Query Key

M

miloann2002

I have to run a query to join two queries. The key is 16 character long. It ran forever to get the result and never ended to export to Excel.

Does it have a way to create a shorter key based on the original key? Any other way that can get this done faster is appreciated.

Thanks
 
B

Bob Barrows

I have to run a query to join two queries. The key is 16 character
long. It ran forever to get the result and never ended to export to
Excel.

The key? You mean the field you are using to join the two queries? Why do
you think its length is causing the problem? Far more likely culprits would
be:
- the number of records returned by each query
- lack of indexes on fields used in joins and filter criteria in each query
- an incorrect join causing a cartesian result
- references to external tables

I could go on and on. The point is, your question is impossible to answer
without your providing much more information
Does it have a way to create a shorter key based on the original key?

You mean, on the fly? Your query is already taking too long to run and you
want to give it more work to do?

There is nothing keeping you from adding new columns to the source tables
and running update queries to populate them if you think that will help ...
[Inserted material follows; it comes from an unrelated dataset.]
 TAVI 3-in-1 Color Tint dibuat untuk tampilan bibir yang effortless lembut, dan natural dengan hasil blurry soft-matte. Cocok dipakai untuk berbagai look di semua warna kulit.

A better solution might be to create temporary tables to receive the results
of the two queries, since I assume the two queries run in an acceptable
amount of time. Create indexes on the fields used to join the two resulting
tables and then join the tables for the export. But again, Im only throwing
this out there. I'm in the dark as to what the actual solution should
actually be.
 
J

John W. Vinson

I have to run a query to join two queries. The key is 16 character long. It ran forever to get the result and never ended to export to Excel.
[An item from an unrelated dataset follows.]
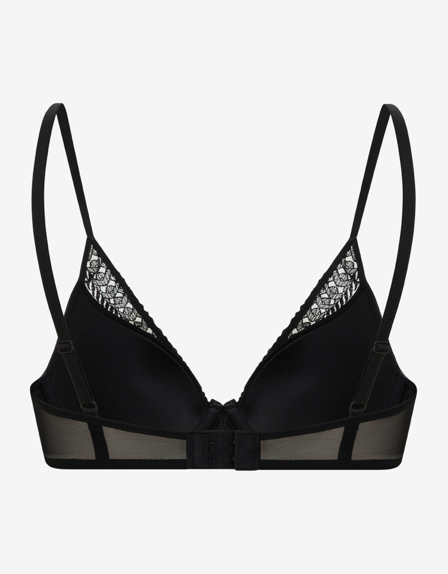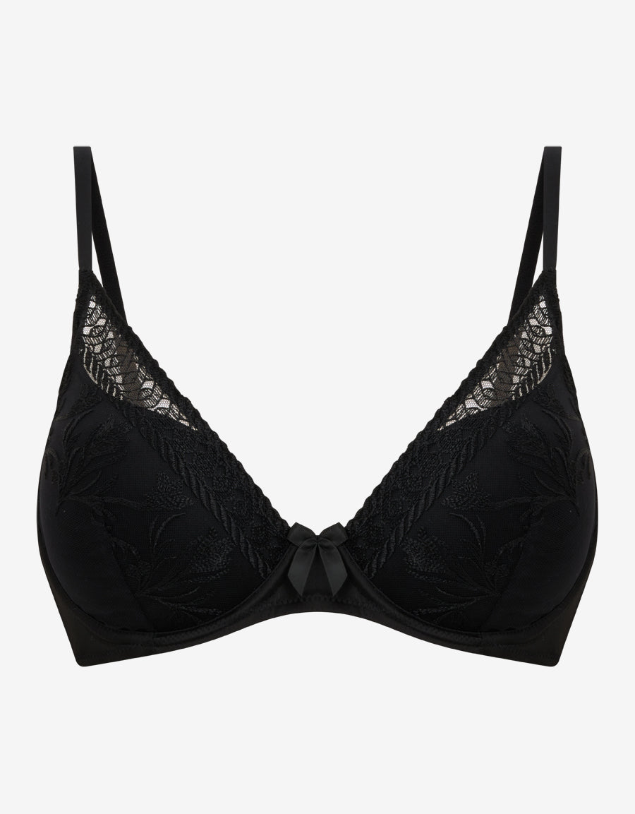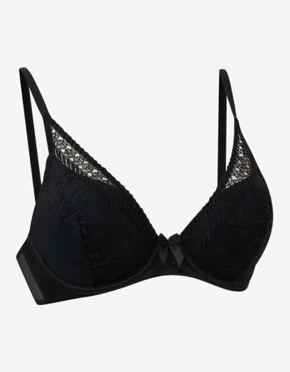 تجمع هذه الحمالة السوداء المطرزة بفتحة صدر عميقة بين التفاصيل الدقيقة والتصميم الأنيق بدون بوش أب. تصميمها المطرز الصلب يمنحك إطلالة راقية ودعماً لطيفاً مثالية للاستخدام اليومي.

Does it have a way to create a shorter key based on the original key? Any other way that can get this done faster is appreciated.

Thanks

Post the SQL of the queries.

The problem is NOT the 16 bytes in the field - that's very small. Access can
join on 255 byte fields.

The problem is either in the design of the queries, or - more likely - the
lack of indexing on the join field.
--

John W. Vinson [MVP]
Microsoft's replacements for these newsgroups:
http://social.msdn.microsoft.com/Forums/en-US/accessdev/
http://social.answers.microsoft.com/Forums/en-US/addbuz/
and see also http://www.utteraccess.com
 
M

miloann2002

I have to run a query to join two queries. The key is 16 character long. It ran forever to get the result and never ended to export to Excel. Does it have a way to create a shorter key based on the original key? Any other way that can get this done faster is appreciated. Thanks

Thanks a lot. I used MAKE TABLE, set Primary Key, and it worked perfectly.